Изменить размер шрифта - +

Кучку пьяниц, не прекращавших распевать песни и шуметь, уводили в дальний конец площади, к длинному ряду досок на платформе, чтобы они там протрезвлялись. Коробейник, никак не желавший прекращать торговлю, хрипло выкликал свой товар: иголки, булавки, ленты и прочие мелочи. Пойманного воришку, скорчившегося возле огромного корыта для лошадей, забрасывали нечистотами; собаки и кошки воевали между собой из-за груды отбросов; мимо, громыхая колесами, катились крестьянские телеги; возницы после долгого дня торгов устало клевали носом.

Корбетт с Ранульфом смотрели на все это, дивясь, до чего непохожа эта городская суета на сонную жизнь в Нитском замке. Ранульф голодными глазами искал харчевню, но Корбетт пытался представить себе, что сейчас делает Мэв, и сердито поторапливал его. Они миновали рынок и нырнули в лабиринт узких улочек, где их обступили, будто лес, высокие дома, наполовину из дерева. Корбетт, уже решивший, где они остановятся на ночлег, с радостью увидел, что городские улицы наконец закончились и сменились наезженной дорогой, которая вела к монастырю августинцев.

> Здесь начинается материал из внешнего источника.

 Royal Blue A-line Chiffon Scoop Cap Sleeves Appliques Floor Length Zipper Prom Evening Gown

Чиновник был немного знаком с настоятелем и рассчитывал на то, что это давнее знакомство, вдобавок подкрепленное королевскими грамотами и предписаниями, обеспечит им дружеский прием в обители. И не разочаровался: дряхлый, с вечной улыбкой на губах, монастырский прислужник проводил их в скупо обставленную комнату для гостей, поставил перед ними кружки с элем и пробормотал, что настоятель придет к ним, как только закончится вечерня. Потом он уселся напротив, продолжая улыбаться и кивать, а Корбетт и Ранульф принялись за эль.

Наконец, когда отзвонили монастырские колокола, в комнату торопливо вошел аббат. Он обнял Корбетта, пожал руку Ранульфу и сразу же предложил путникам переночевать в монастыре. Им отвели две маленькие кельи, где недавно побеленные стены еще блестели свежей известкой. Корбетт и его слуга вымылись, воспользовавшись одной большой лоханью, стоявшей в монастырской мыльне, а затем, сменив грязную, пропитавшуюся морской солью одежду на чистую, отправились в трапезную.

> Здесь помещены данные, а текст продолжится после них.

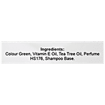 Colour Green, Vitamin E Oil, Tea Tree Oil, Perfume, Shampoo Base.

Позже Ранульф решил прогуляться по монастырским угодьям, чтобы как он выразился, подражая оборотам речи своего господина, — подышать свежим вечерним воздухом. Нагло пропустив мимо ушей просьбу Корбетта присмотреть за пожитками, он ушел. Корбетт, гневно глянув на его удаляющуюся спину, вздохнул и направился в часовню. Внутри было темно и прохладно, сумрак разгоняло лишь чистое пламя свечей в огромных канделябрах, и тени скакали по церковным стенам, словно призраки-плясуны. Где-то в темной глубине, за резной алтарной преградой, хор монахов выводил последнюю вечернюю песнь, и слова хорала раскатывались, подобно далекому грому, эхом вторя чистым нотам, которые выводил главный певчий.

Корбетт притулился в нефе, у подножия могучей круглой колонны, и полностью отдался этому умиротворяющему пению. Заслышав слова певчего: Dixi in excessu meo, omnes homines mendaces («Я сказал в опрометчивости моей: всякий человек ложь»), Корбетт позабыл о многоголосье монашеского хора. Он задумался: а вдруг это правда и все люди — лгуны? И все женщины — тоже? И Мэв — лгунья? Сердце сжалось от сладостно-горького чувства — он ведь потерял ее. Увидятся ли они когда-нибудь? Будет ли она вспоминать о нем или позабудет так же быстро, как вода уходит вспять, просачиваясь сквозь песок? Монахи возносили хвалу Господу, знаменовавшую окончание богослужения: Gloria Patri, Filio et Spiritui Sancto. Корбетт вздохнул, поднялся, размял затекшие мышцы и крытой аркадой направился к себе в келью.

Там он извлек свои письменные принадлежности и быстро сочинил письмо Мэв: он надеялся, что настоятель передаст его с каким-нибудь торговцем, коробейником или рыбаком. Корбетт запечатал его каплей красного воска, подумав, что пройдут недели, прежде чем оно дойдет до Нита — если только дойдет.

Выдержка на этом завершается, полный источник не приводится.